We have ad internal use cases for
>      using such translation layer for frontswap devices. Maybe others are
>      looking at this too...
> 
> Javier
> 

^ permalink raw reply	[flat|nested] 9+ messages in thread

* Re: [LSF/MM ATTEND] OCSSD topics
  2018-01-25 21:02   ` Matias Bjørling
  (?)
@ 2018-01-26  8:30   ` Javier Gonzalez
  2018-01-26  9:54       ` Matias Bjørling
  -1 siblings, 1 reply; 9+ messages in thread
From: Javier Gonzalez @ 2018-01-26  8:30 UTC (permalink / raw)
  To: Matias Bjørling; +Cc: lsf-pc, linux-block, linux-fsdevel, jaegeuk

[-- Attachment #1: Type: text/plain, Size: 8269 bytes --]

> On 25 Jan 2018, at 22.02, Matias Bjørling <mb@lightnvm.io> wrote:
> 
> On 01/25/2018 04:26 PM, Javier Gonzalez wrote:
>> Hi,
>> There are some topics that I would like to discuss at LSF/MM:
>>   - In the past year we have discussed a lot how we can integrate the
>>     Open-Channel SSD (OCSSD) spec with zone devices (SMR). This
>>     discussion is both at the interface level and at an in-kernel level.
>>     Now that Damien's and Hannes' patches are upstreamed in good shape,
>>     it would be a good moment to discuss how we can integrate the
>>     LightNVM subsystem with the existing code.
> 
> The ZBC-OCSSD patches
> (https://github.com/OpenChannelSSD/linux/tree/zbc-support) that I made
> last year is a good starting point.
> 

Yes, this patches is a good place to start, but as mentioned below, they
do not address how we would expose the parallelism on report_zone.

The way I see it, zone-devices impose write constrains to gain capacity;
OCSSD does that to enable the parallelism of the device. This then can
be used by different users to either lower down media wear, reach a
stable state at the very early stage or guarantee tight latencies. That
depends on how it is used. We can use an OCSSD as a zone-device and it
will work, but it is coming back to using an interface that will narrow
down the OCSSD scope (at least in its current format).

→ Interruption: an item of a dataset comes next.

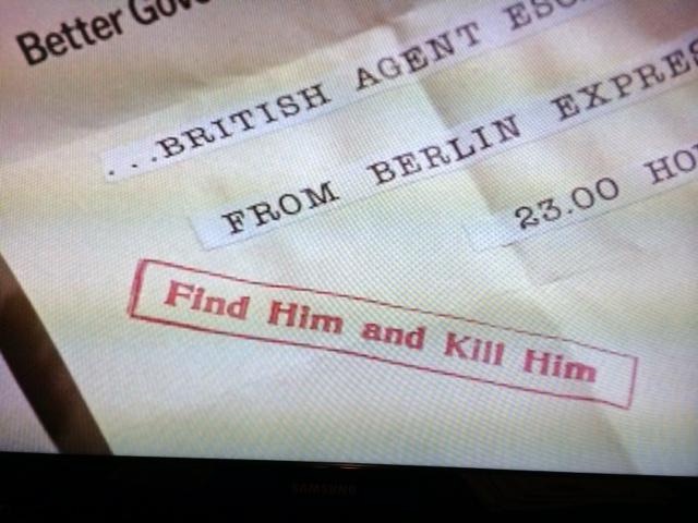 Right off the bat, a German soldier addresses an officer. When the soldier removes his helmet his chinstrap remains under his chin. The officer observes the papers brought to him and stamps them with a ready-made stamp that reads “Find him and kill him!” They have a stamp for that! I guess that’s necessary when you find yourself writing those specific words a lot.

> Specifically, in ALPSS'17
>>     we had discussions on how we can extend the kernel zoned device
>>     interface with the notion of parallel units that the OCSSD geometry
>>     builds upon. We are now bringing the OCSSD spec. to standarization,
>>     but we have time to incorporate feedback and changes into the spec.
> 
> Which spec? the OCSSD 2 spec that I have copyright on? I don't believe
> it has been submitted or is under consideration to any standards body
> yet and I don't currently plan to do that.
> 
> You might have meant "to be finalized". As you know, I am currently
> soliciting feedback and change requests from vendors and partners with
> respect to the specification and is planning on closing it soon. If
> CNEX is doing their own new specification, please be open about it,
> and don't put it under the OCSSD name.

As you know, there is a group of cloud providers and vendors that is
starting to work on the standarization process with the current state of
the 2.0 spec as the staring point - you have been part of these
discussions... The goal for this group is to collect the feedback from
all parties and come up with a spec. that is useful and covers cloud
needs. Exactly for - as you imply -, not to tie the spec. to an
organization and/or individual. My hope is that this spec is very
similar to the OCSSD 2.0 that _we_ all have worked hard on putting
together.

In any case, my intention with this topic is not discussing the name or
the owners of the spec., but rather seeking feedback from the kernel
community, which is well experienced in implementing, dealing with and
supporting specifications.

>>          Some of the challenges are (i) adding vector I/O interface to the
>>     bio structure and (ii) extending the report zone to have the notion
>>     of parallelism. I have patches implementing the OCSSD 2.0 spec that
>>     abstract the geometry and allow upper layers to deal with write
>>     restrictions and the parallelism of the device, but this is still
>>     very much OCSSD-specific.
> 
> For the vector part, one can look into Ming's work on multi-page bvec
> (https://lkml.org/lkml/2017/12/18/496). When that code is in, it
> should be possible to implement the rest. One nagging feeling I have
> is that the block core code need to be updated to understand vectors.
> That will be complex given I/O checks are all based on ranges and is
> cheap, while for vectors it is significantly more expensive due to
> each LBA much be checked individually (one reason it is a separate
> subsystem). It might not be worth it until the vector api has broader
> market adoption.

Yes, we have discussed this since the first version of the patches :)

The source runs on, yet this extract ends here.